More data means better results?
It is not always the case. As the learning curve shown below, when we increase the number of training samples, both training error and cross validation error are still very large. A learning curve plots training and cross validation error as a function of training set size.
Here we split a dataset into training, validation and test sets to be 60% training set, 20% validation set, and 20% test set as typical practices do. The learning algorithm finds parameters {theta} to minimize training set error and use these parameters {theta} to estimate errors on cross validation dataset and test set.
Best practice for high bias
The poor performance on both the training and test sets suggests a high bias problem. Sometimes it is also called “underfitting the training data”, meaning that the learning model has not captured the information in the training set. Thus, adding more data won’t help. In order to improve both training and test set performance, here are actions to take:
- Adding more complex features (also known as degrees of freedom) to increase the complexity of the hypothesis.
- Increase the degree d of the polynomial. This allows the hypothesis to fit the data more closely, improving both training and test set performance.
- Decreasing the regularization parameter lambda to allow the hypothesis to fit the data more closely.

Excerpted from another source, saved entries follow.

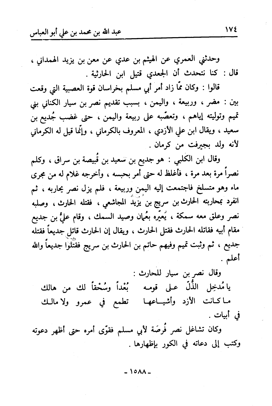 ونسي أَبُو عَمْرو مَا فِيهَا من هجاء قَيْس، فوقف، وعرف سلم مَا سبب وقوفه فَقَالَ: هات لِلَّهِ أبوك، فَقَالَ: اعفني أصلح اللَّه الأمير، قَالَ: والله لتسلسلنها فِي آذانهم فِي سواد هَذَا الليل. الْمَدَائِنِي قَالَ: قيل لسلم بْن قُتَيْبَة: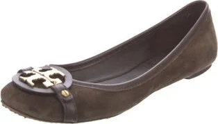Tory Burch Suede Flats Brown Round-Toes with Leather Trim Embellishment Designer Fit: This designer typically runs true to size. Read more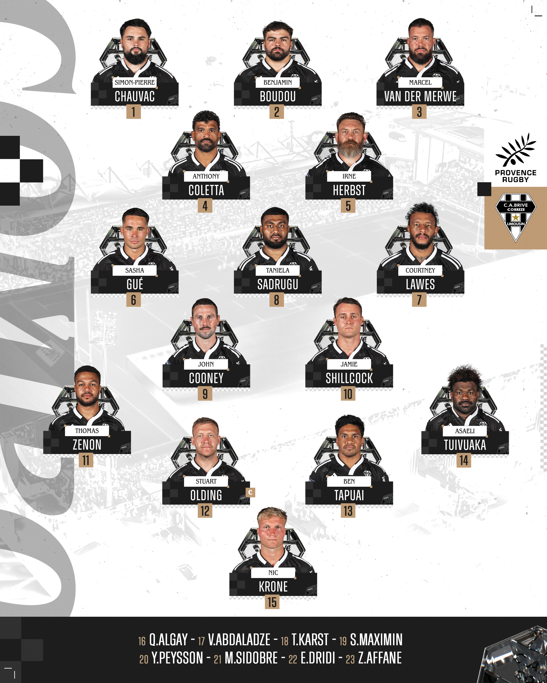 Le XV de départ des Noir & Blanc face à Provence Rugby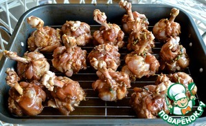5. Разогреть духовку до 200С. Выложить крылышки на противень с решеткой. В противень влить немного воды, так, чтобы она не касалась крылышек. Полить крылышки половиной оставшегося маринада и запекать 20 минут. Полить оставшимся маринадом и запекать еще 20 минут.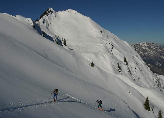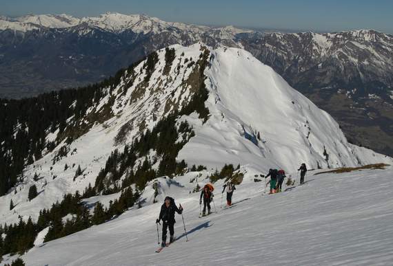 Pas de regel en foret, neige transformée dure le matin le long de l'arête, encore poudreux en nord jusqu'à 2000m, humidifiée mais skiable en nord vers 1600m

Figure 2 demonstrates that when we increase the degree of polynomial in regression, the model fits training data better and the error for training sets is almost zero. However, the cross validation error are still very large. Also, you may notice the big jump at the two ends of fitting curve. This comes from the nature of high degree of polynomials. It is the sign of high variance.
Best Practice for High Variance
High variance means the learning model is overfitting the training data. One sign of overfitting is the gap in errors between training and test. Here are the actions that can be taken to help:
- Use fewer features or decrease the degree d of the polynomial. Using a feature selection technique may be useful, and decrease the over-fitting of the estimator.
- Adding more training data to reduce the effect of over-fitting.
- Increase Regularization. Regularization is designed to prevent over-fitting. In a high-variance model, increasing regularization properly can lead to better results.
Bias-variance Tradeoff
So as you can see, to find a model with the balance of bias and variance is one of the most important goals in machine learning. As Stanford Professor Andrew Ng suggested in his Machine Learning course:
In practice, especially for small training sets, when you plot learning curves
to debug your algorithms, it is often helpful to average across multiple sets
of randomly selected examples to determine the training error and cross
validation error.
In other words, here are the main two steps:
- Learn parameters {theta} using the randomly chosen training set.
- Evaluate the parameters and choose the optimal regulation parameters lambda using cross validation dataset.
After that, evaluation training and cross validation error by trying out the following ways to find the bias-variance tradeoff:
- Get more training examples
- Reduce of increase the number of features or degree of freedom
- decrease or increase regulation parameters lambda